In 1947, Everett G. Rank and twelve of his fellow riparian landowners filed a lawsuit to stop the water diversions in the
Fresno County Superior Court against Secretary of the Interior Julius Krug and several Bureau of Reclamation officials. The
group organized as the San Joaquin River Riparian Owners Association and soon hundreds of other downstream landowners and
the City of Fresno were added as plaintiffs. They hired local attorney Claude Rowe to represent them and the case was soon
transferred to a federal court. Rowe's main argument was that the water in the San Joaquin River belonged to the state of
California and the federal government did not have a right to it without filing for a permit.

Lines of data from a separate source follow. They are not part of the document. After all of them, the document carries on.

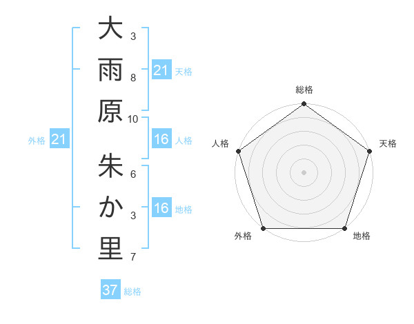 大雨原 朱か里さんの総格は37画の5点
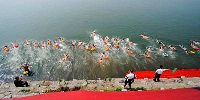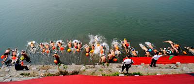 2010.05.02.来自全国各地的26支冬泳协会代表队的337名冬泳爱好者,参加襄樊市”万达杯”首届横渡汉江比赛。
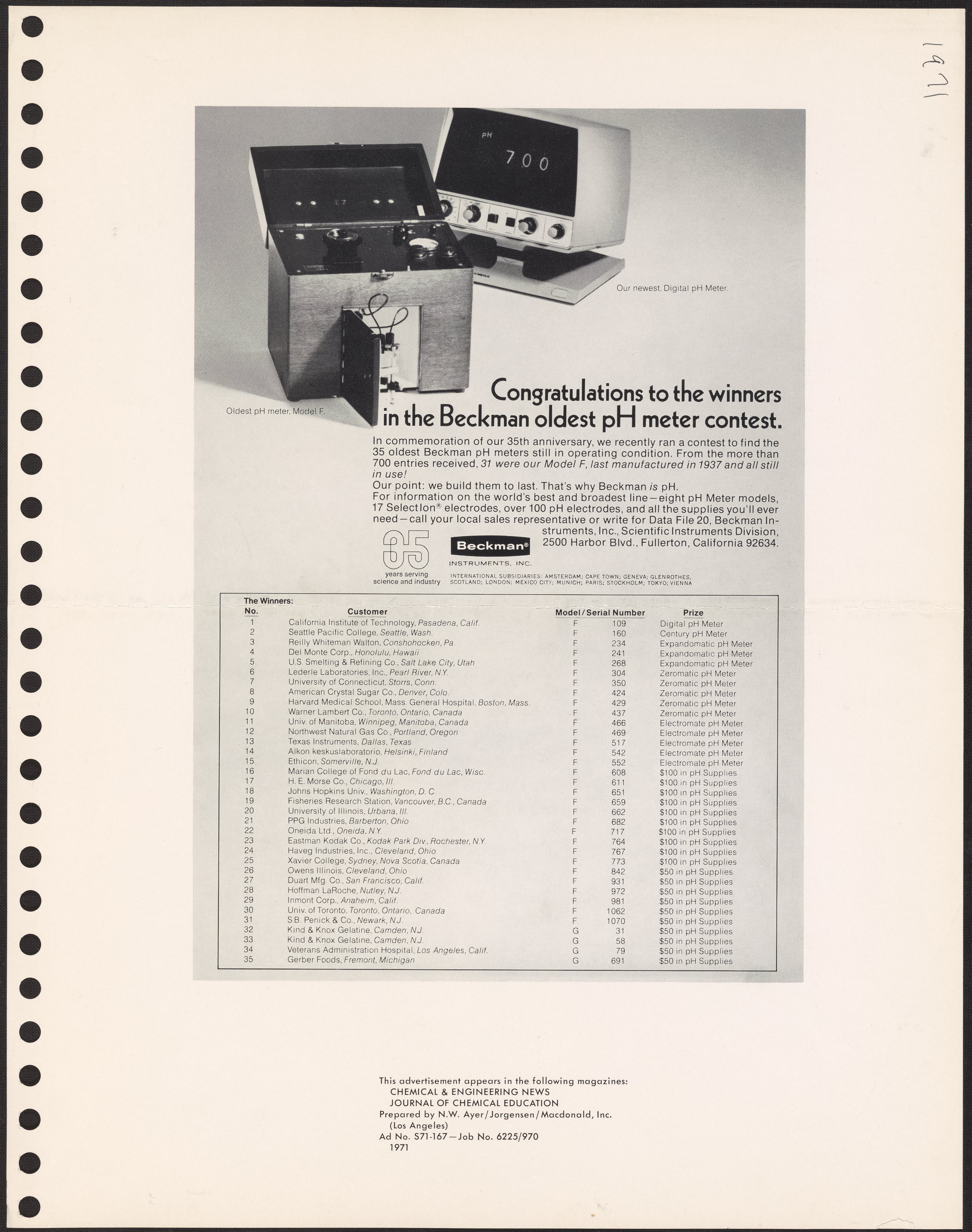 N.W. Ayer & Son, and Inc. Beckman Instruments. “Congratulations to the Winners in the Beckman Oldest PH Meter Contest,” 1971. Beckman Historical Collection, Box 18, Folder 27. Science History Institute. Philadelphia. https://digital.sciencehistory.org/works/vh53wv72q.
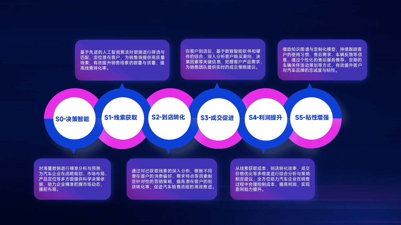 通过拓宽潜在客户来源、、、、优化线索分配并提高到店转化率,,,以增强销售效率。。同时,,,利用线索数据不断优化分析模型,,,有效提升转化率,,扩大营销影响力。。

Presiding judge Person M. Hall
issued a temporary injunction to halt the water diversions. The Bureau found a way around this injunction and increased diversions
as the Madera Canal was completed in 1950.
In 1956, a decision was made by Judge Hall in favor of the landowners, stating that the Bureau was illegally storing water
that belonged to the state of California, and which the plaintiffs had a right to. The Bureau of Reclamation was ordered to
build impoundment dams to alleviate the lack of water downstream from the dam, as well as provide compensation for the landowners.
In response to this the Bureau appealed the ruling, in addition to applying for a water rights permit from the state of California.
The California Department of Fish and Game attempted to thwart the Bureau in this attempt, but were overruled by the governor.
In 1962, the Ninth Circuit Court of Appeals heard the bureau's appeal (Dugan v. Rank) and decided the case was adminstrative
in nature and could not be decided in court. In response to this, both the City of Fresno and the Department of the Interior
asked for a Supreme Court review. The Supreme Court heard the case and decided in favor of the Bureau of Reclamation, arguing
that the federal government could seize the water rights of the landowners through eminent domain, though it would have to
compensate the landowners for the loss in value of their property. This decision effectively ended the efforts of Rank and
his neighbors to secure their water rights.
Rank v. Krug Collection. Special Collections Research Center, Henry Madden Library, California State University, Fresno.